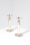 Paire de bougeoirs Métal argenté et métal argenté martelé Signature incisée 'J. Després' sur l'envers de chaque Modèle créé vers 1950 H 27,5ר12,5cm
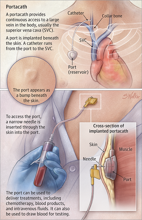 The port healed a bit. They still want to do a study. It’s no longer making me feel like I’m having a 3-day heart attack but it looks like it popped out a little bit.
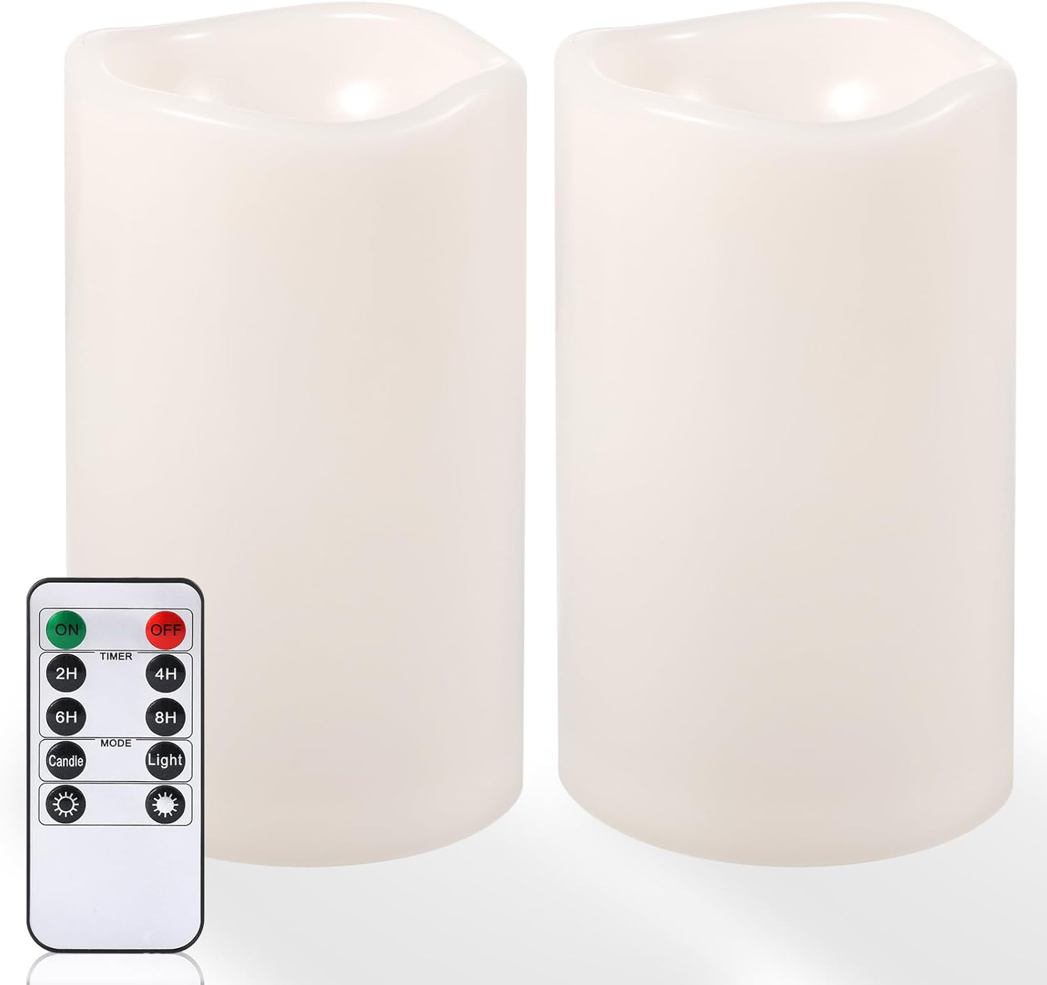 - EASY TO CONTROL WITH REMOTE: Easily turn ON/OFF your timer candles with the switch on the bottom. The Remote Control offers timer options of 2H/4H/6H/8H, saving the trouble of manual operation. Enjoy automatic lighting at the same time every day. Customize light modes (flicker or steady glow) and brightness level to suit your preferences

...

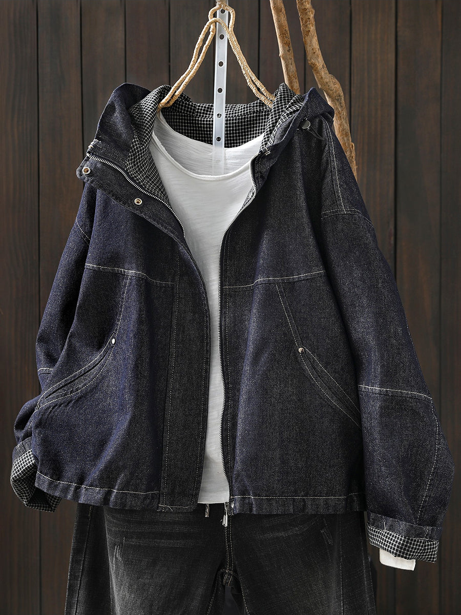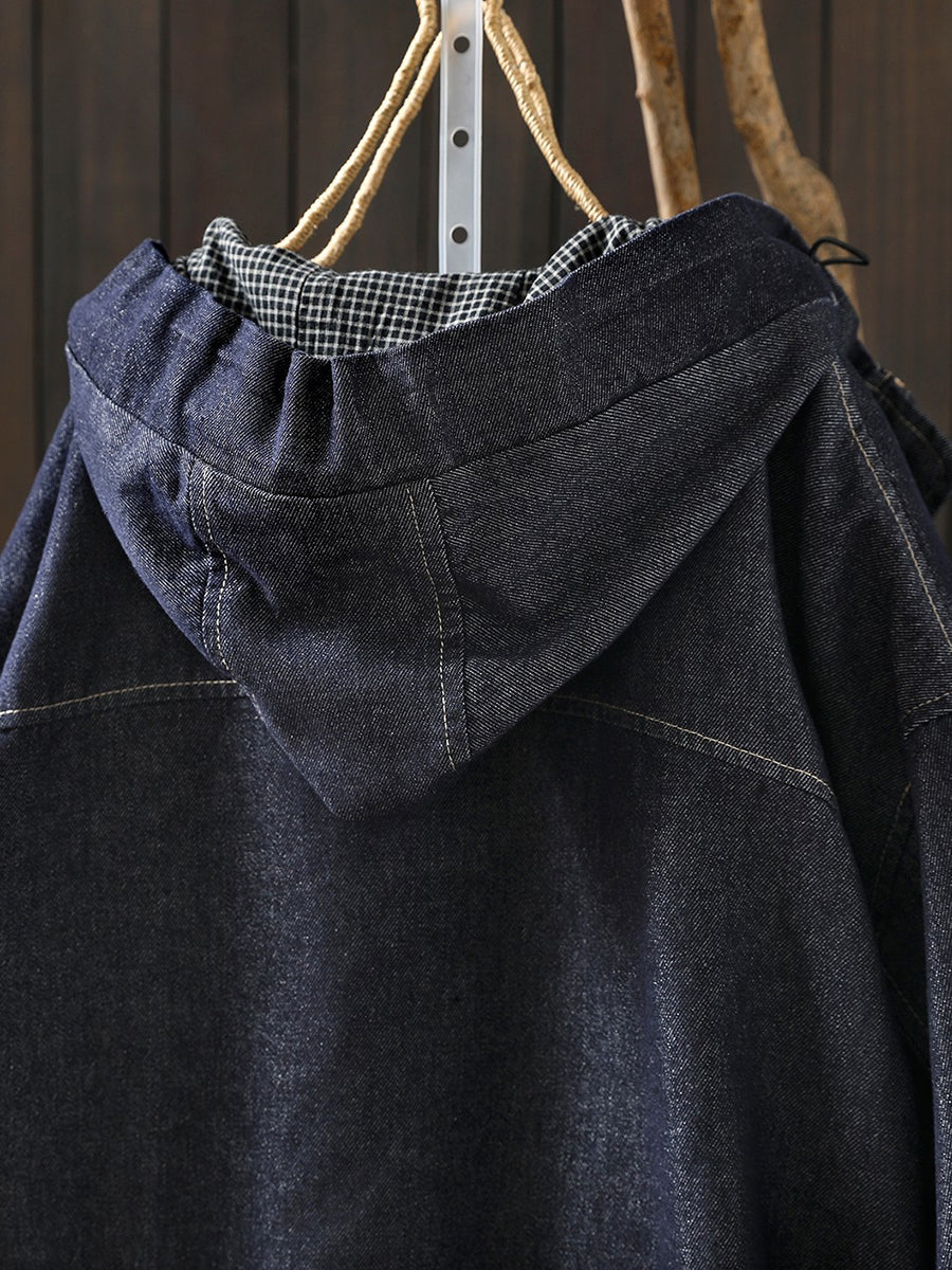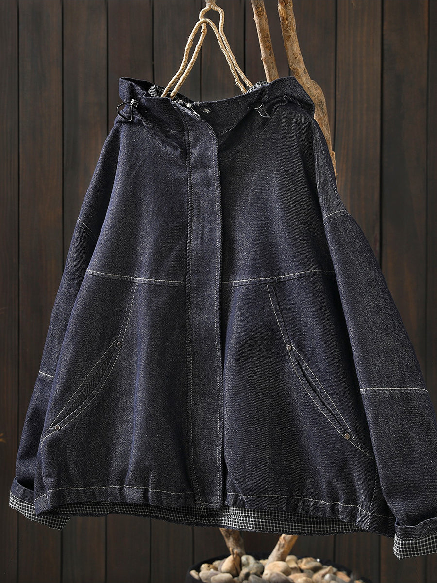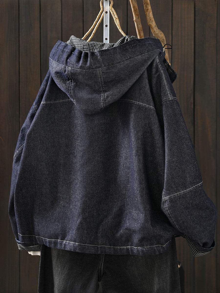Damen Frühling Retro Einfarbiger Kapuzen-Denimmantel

§ **Work request**: In the listing above, find the line with "Paire de bougeoirs" and the line with "- EASY TO CONTROL". Copy both of them and every line between, exactly, but not the pictures.

§ **Solution for this exercise**:
 Paire de bougeoirs Métal argenté et métal argenté martelé Signature incisée 'J. Després' sur l'envers de chaque Modèle créé vers 1950 H 27,5ר12,5cm
 The port healed a bit. They still want to do a study. It’s no longer making me feel like I’m having a 3-day heart attack but it looks like it popped out a little bit.
 - EASY TO CONTROL WITH REMOTE: Easily turn ON/OFF your timer candles with the switch on the bottom. The Remote Control offers timer options of 2H/4H/6H/8H, saving the trouble of manual operation. Enjoy automatic lighting at the same time every day. Customize light modes (flicker or steady glow) and brightness level to suit your preferences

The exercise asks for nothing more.